Mamardaszwili bohaterem w meczu z Realem
Mamardaszwili, który oficjalnie dołączy latem za 29 milionów funtów, ma za sobą trudny sezon w Valencii, która przed meczem na Bernabéu znajdowała się niebezpiecznie blisko strefy spadkowej.
Ale gruziński numer jeden odegrał kluczową rolę w zdobyciu cennych i imponujących trzech punktów przeciwko drużynie Carlo Ancelottiego, otrzymując znakomitą ocenę 9.1 w serwisie FotMob.
Mamardaszwili popisał się aż ośmioma niesamowitymi interwencjami, zapobiegając stracie 2.28 bramki według danych statystycznych.
Jedną z tych interwencji była obrona rzutu karnego wykonywanego przez Viníciusa Juniora w 13. minucie – Gruzin obronił strzał nogą, nisko przy lewym słupku.
Było to przy stanie 0:0, a już minutę później Valencia objęła prowadzenie po strzale głową Mouctara Diakhaby’ego.
Real wyrównał po trafieniu Viniciusa w drugiej połowie, ale w doliczonym czasie gry Hugo Duro zdobył bramkę na wagę sensacyjnego zwycięstwa drużyny Mamardaszwilego.
Wśród najjaśniejszych momentów bramkarza znalazła się akrobatyczna parada po strzale z dystansu Kyliana Mbappé oraz błyskawiczna, kocia interwencja, która zatrzymała uderzenie Federico Valverde z bliskiej odległości. Świetny niski blok w stylu Alissona powstrzymał z kolei Antonio Rüdigera przed zdobyciem wyrównującej bramki w końcówce meczu.
To było ogromne zwycięstwo dla Valencii, które oddaliło ich o siedem punktów od strefy spadkowej — choć mają rozegrany jeden mecz więcej niż drużyny znajdujące się na dnie tabeli.
Po meczu Mamardaszwili zamieścił w mediach społecznościowych zdjęcie swoich nagolenników, na których widniał napis: - Bądź kimś, kto zmienia grę. Świat jest pełen graczy.
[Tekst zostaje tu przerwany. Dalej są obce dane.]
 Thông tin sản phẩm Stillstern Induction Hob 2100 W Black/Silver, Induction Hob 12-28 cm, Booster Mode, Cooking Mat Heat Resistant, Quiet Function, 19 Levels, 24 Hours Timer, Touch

Mentalność na najwyższym poziomie — bez dwóch zdań.
W zeszłym miesiącu Mamardaszwili jasno przedstawił swoje ambicje — chce przejść do Liverpoolu jako pierwszy bramkarz, a nie jako rezerwowy dla Alissona.
- Jadę do Liverpoolu, by walczyć o miejsce numer jeden – zapewnił stanowczo.
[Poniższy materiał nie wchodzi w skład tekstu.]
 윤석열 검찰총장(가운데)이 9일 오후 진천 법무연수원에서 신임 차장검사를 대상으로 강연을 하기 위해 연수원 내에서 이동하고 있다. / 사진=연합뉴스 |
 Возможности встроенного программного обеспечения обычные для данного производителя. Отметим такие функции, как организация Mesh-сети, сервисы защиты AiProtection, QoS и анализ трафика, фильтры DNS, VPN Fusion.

- Pojadę tam, by trenować na najwyższym poziomie, a co zdecydują później, tego nie wiem. To nie ja decyduję, kto gra, a kto nie.
24-latek jasno wyraził swoje ambicje – już w październiku mówił, że celuje w rolę pierwszego bramkarza „nawet jeśli obecny golkiper nie odejdzie”.
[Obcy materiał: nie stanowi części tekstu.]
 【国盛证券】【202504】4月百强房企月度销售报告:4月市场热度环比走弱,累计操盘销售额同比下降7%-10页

To stawia przed Liverpoolem ciekawy dylemat na lato, choć wszystko wskazuje na to, że Caoimhín Kelleher opuści klub. W takiej sytuacji Liverpool prawdopodobnie zatrzyma Alissona na jeszcze jeden sezon, dając Mamardaszwilemu czas na aklimatyzację przed przejęciem roli numer jeden.